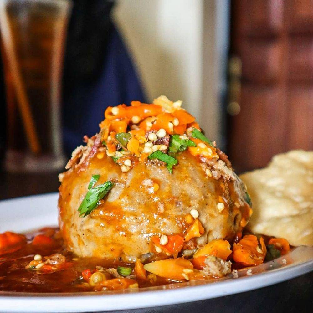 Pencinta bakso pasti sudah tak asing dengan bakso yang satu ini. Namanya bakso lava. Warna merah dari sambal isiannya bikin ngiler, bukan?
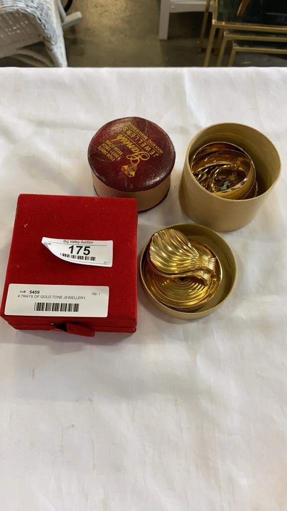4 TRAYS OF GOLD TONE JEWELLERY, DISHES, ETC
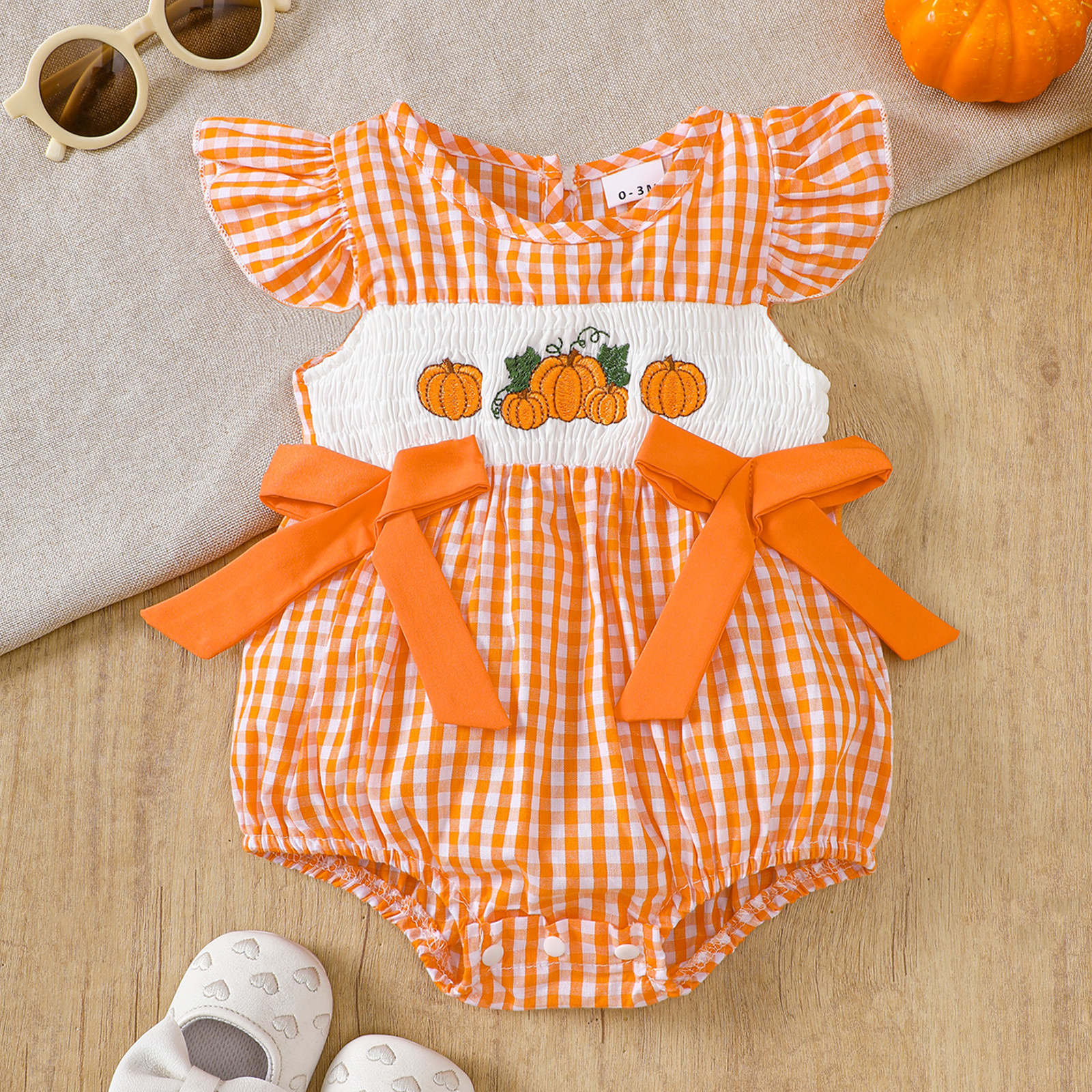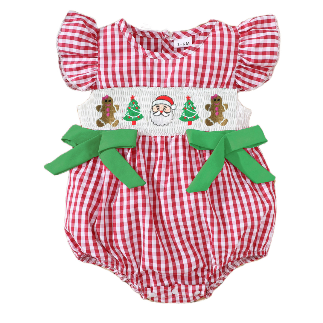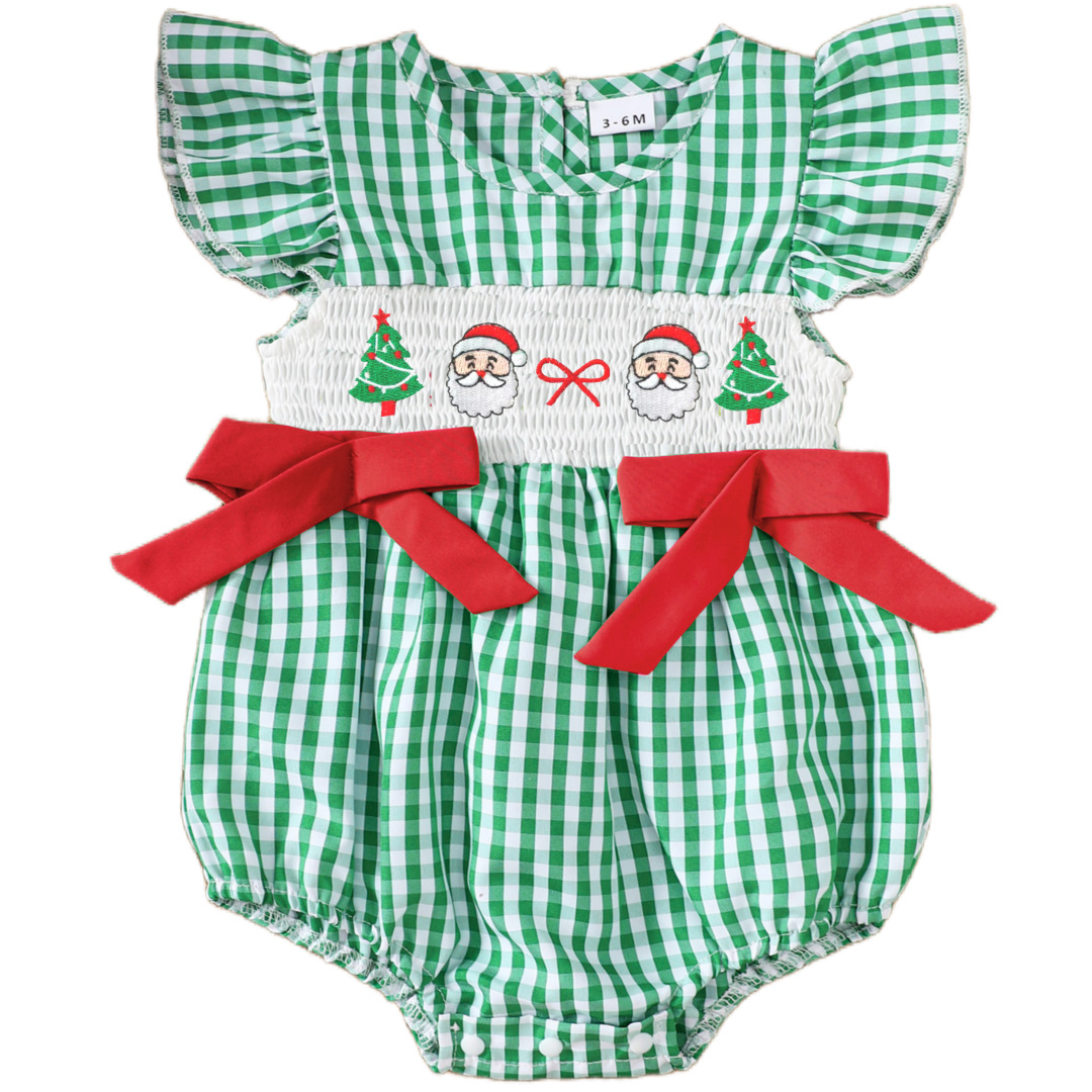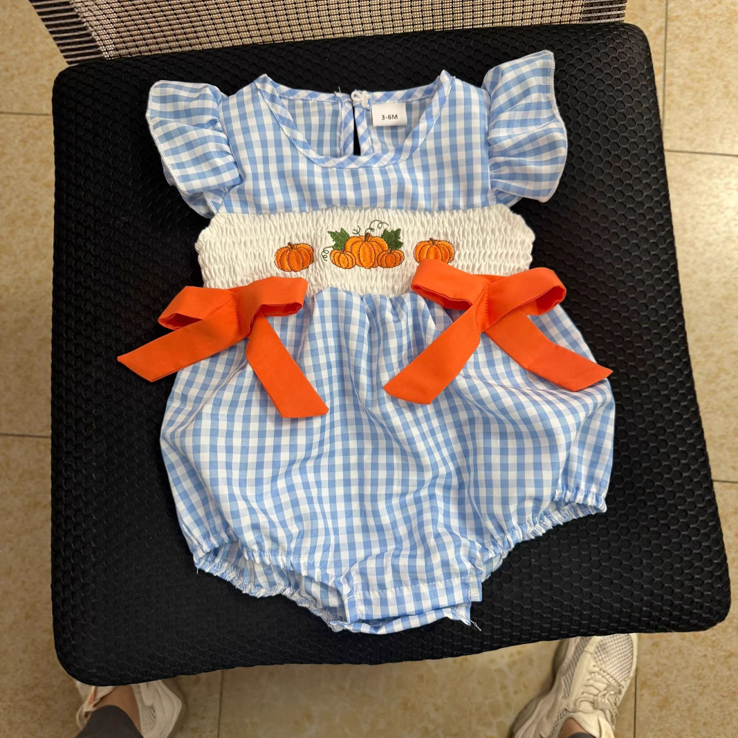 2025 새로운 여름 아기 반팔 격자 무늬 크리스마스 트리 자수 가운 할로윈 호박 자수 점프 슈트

_Required action_
Please output all the data exactly as given, with the pictures omitted.

_Exercise response_
 Pencinta bakso pasti sudah tak asing dengan bakso yang satu ini. Namanya bakso lava. Warna merah dari sambal isiannya bikin ngiler, bukan?
4 TRAYS OF GOLD TONE JEWELLERY, DISHES, ETC
 2025 새로운 여름 아기 반팔 격자 무늬 크리스마스 트리 자수 가운 할로윈 호박 자수 점프 슈트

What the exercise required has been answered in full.